▶ _Task objective_: Repeat these records exactly, pictures excluded.

▶ _Provided material_:
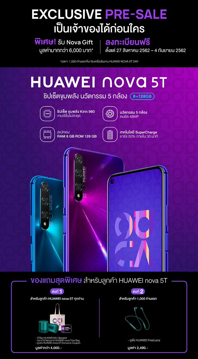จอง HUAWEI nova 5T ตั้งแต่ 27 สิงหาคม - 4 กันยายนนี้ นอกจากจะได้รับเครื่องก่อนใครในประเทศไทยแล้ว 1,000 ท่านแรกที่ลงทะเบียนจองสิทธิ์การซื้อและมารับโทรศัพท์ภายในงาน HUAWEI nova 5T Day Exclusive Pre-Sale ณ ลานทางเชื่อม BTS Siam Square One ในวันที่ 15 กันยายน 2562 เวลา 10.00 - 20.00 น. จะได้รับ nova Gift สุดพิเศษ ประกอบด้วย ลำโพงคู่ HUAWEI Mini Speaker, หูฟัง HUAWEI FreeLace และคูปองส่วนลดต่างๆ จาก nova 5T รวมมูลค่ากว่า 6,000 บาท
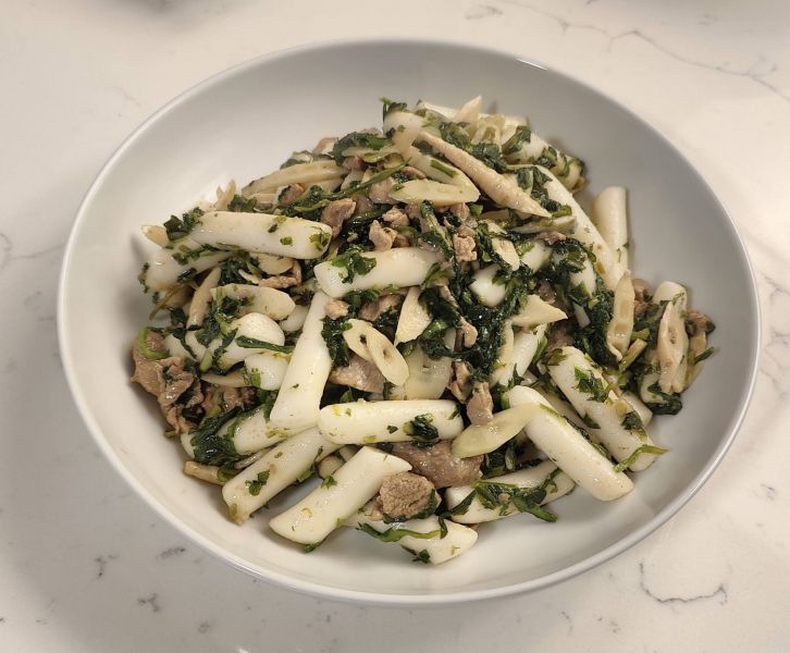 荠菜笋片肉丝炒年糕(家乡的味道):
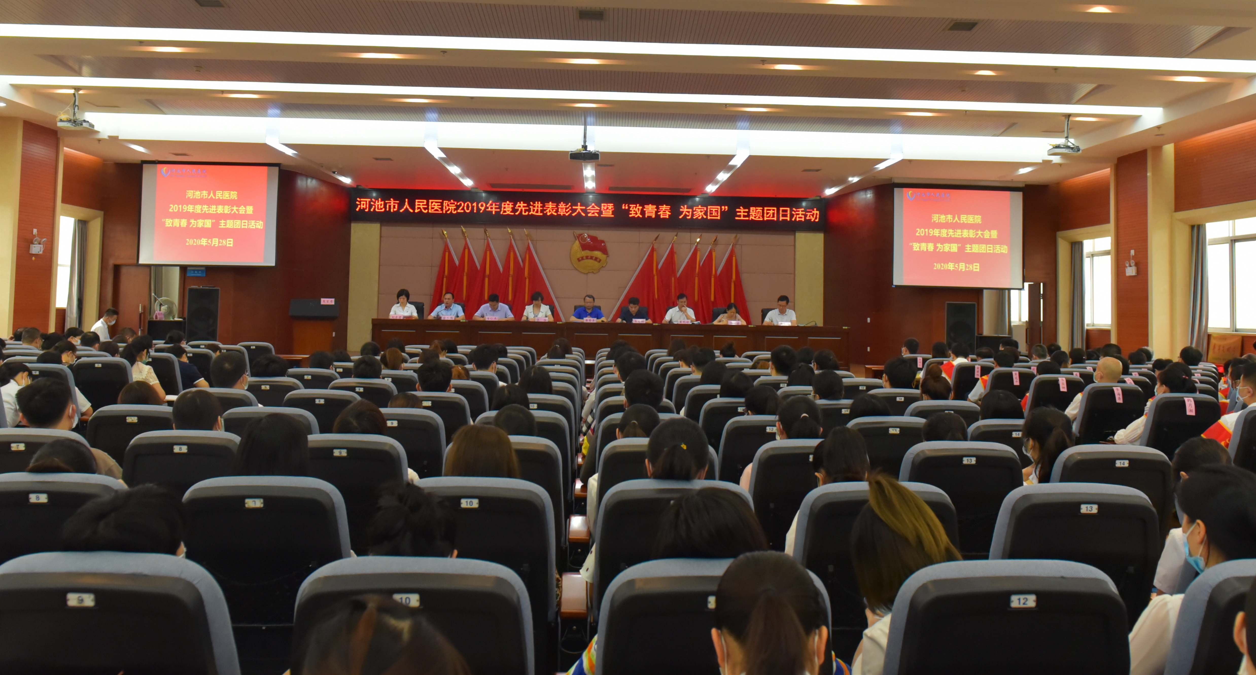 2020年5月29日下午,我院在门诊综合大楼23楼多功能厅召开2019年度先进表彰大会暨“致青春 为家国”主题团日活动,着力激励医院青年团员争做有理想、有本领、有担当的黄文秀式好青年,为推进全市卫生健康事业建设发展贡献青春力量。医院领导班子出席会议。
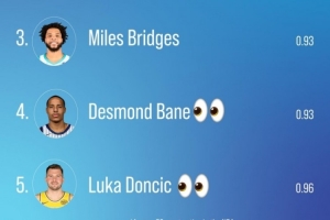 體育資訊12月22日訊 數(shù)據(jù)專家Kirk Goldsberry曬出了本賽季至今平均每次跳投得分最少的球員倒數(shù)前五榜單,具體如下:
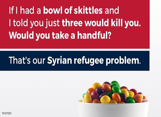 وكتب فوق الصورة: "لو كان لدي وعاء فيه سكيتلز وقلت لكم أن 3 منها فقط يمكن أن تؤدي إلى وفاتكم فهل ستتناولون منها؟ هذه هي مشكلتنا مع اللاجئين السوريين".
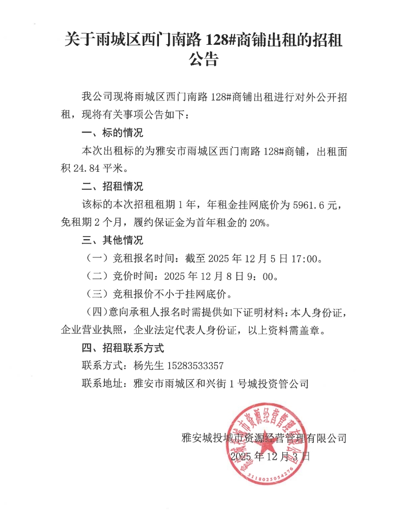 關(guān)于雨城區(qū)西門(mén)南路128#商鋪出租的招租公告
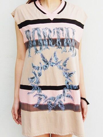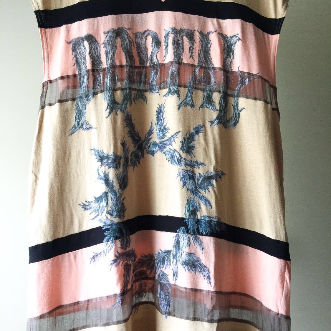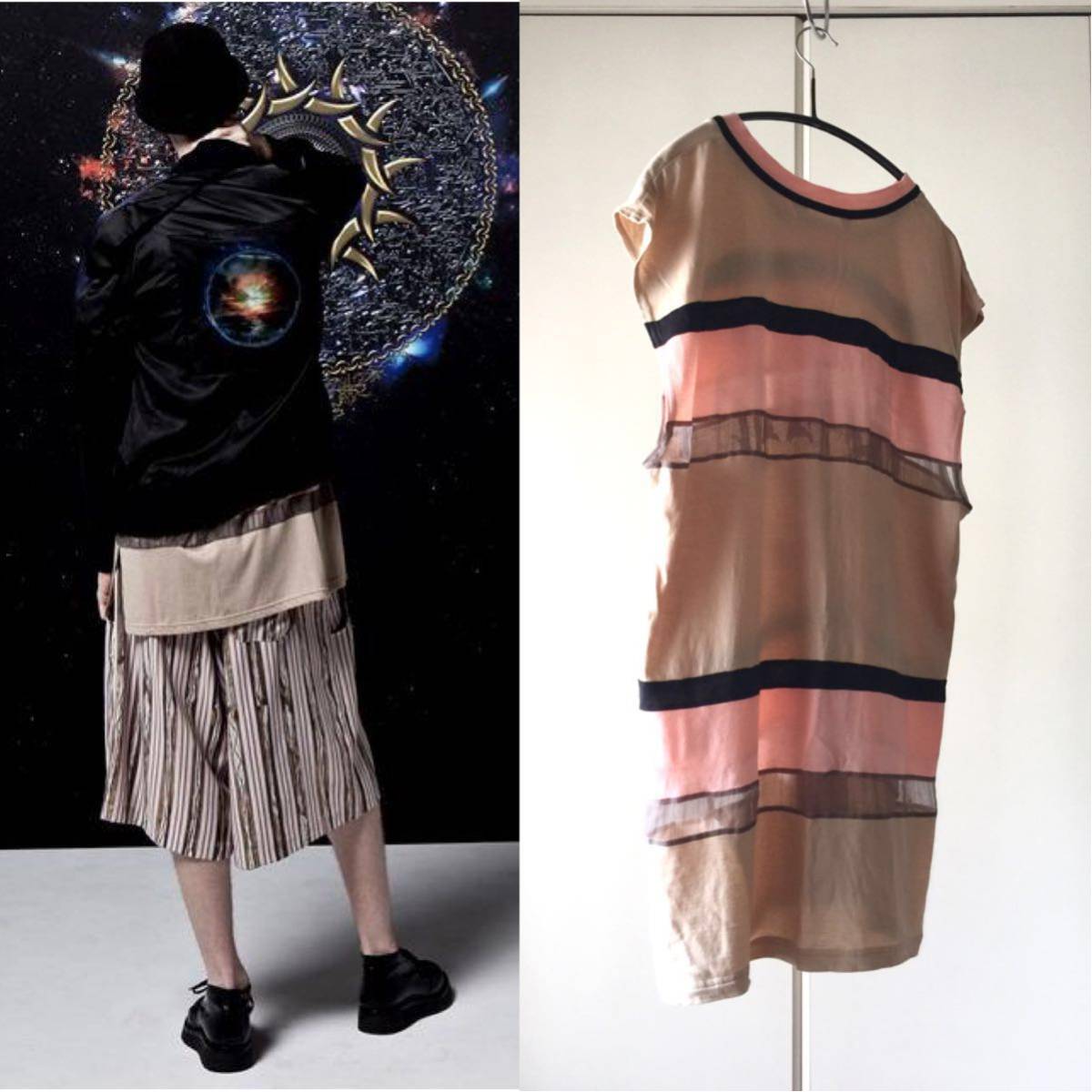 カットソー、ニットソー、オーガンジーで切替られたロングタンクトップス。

▶ _Result of the task_:
จอง HUAWEI nova 5T ตั้งแต่ 27 สิงหาคม - 4 กันยายนนี้ นอกจากจะได้รับเครื่องก่อนใครในประเทศไทยแล้ว 1,000 ท่านแรกที่ลงทะเบียนจองสิทธิ์การซื้อและมารับโทรศัพท์ภายในงาน HUAWEI nova 5T Day Exclusive Pre-Sale ณ ลานทางเชื่อม BTS Siam Square One ในวันที่ 15 กันยายน 2562 เวลา 10.00 - 20.00 น. จะได้รับ nova Gift สุดพิเศษ ประกอบด้วย ลำโพงคู่ HUAWEI Mini Speaker, หูฟัง HUAWEI FreeLace และคูปองส่วนลดต่างๆ จาก nova 5T รวมมูลค่ากว่า 6,000 บาท
 荠菜笋片肉丝炒年糕(家乡的味道):
 2020年5月29日下午,我院在门诊综合大楼23楼多功能厅召开2019年度先进表彰大会暨“致青春 为家国”主题团日活动,着力激励医院青年团员争做有理想、有本领、有担当的黄文秀式好青年,为推进全市卫生健康事业建设发展贡献青春力量。医院领导班子出席会议。
 體育資訊12月22日訊 數(shù)據(jù)專家Kirk Goldsberry曬出了本賽季至今平均每次跳投得分最少的球員倒數(shù)前五榜單,具體如下:
 وكتب فوق الصورة: "لو كان لدي وعاء فيه سكيتلز وقلت لكم أن 3 منها فقط يمكن أن تؤدي إلى وفاتكم فهل ستتناولون منها؟ هذه هي مشكلتنا مع اللاجئين السوريين".
 關(guān)于雨城區(qū)西門(mén)南路128#商鋪出租的招租公告
 カットソー、ニットソー、オーガンジーで切替られたロングタンクトップス。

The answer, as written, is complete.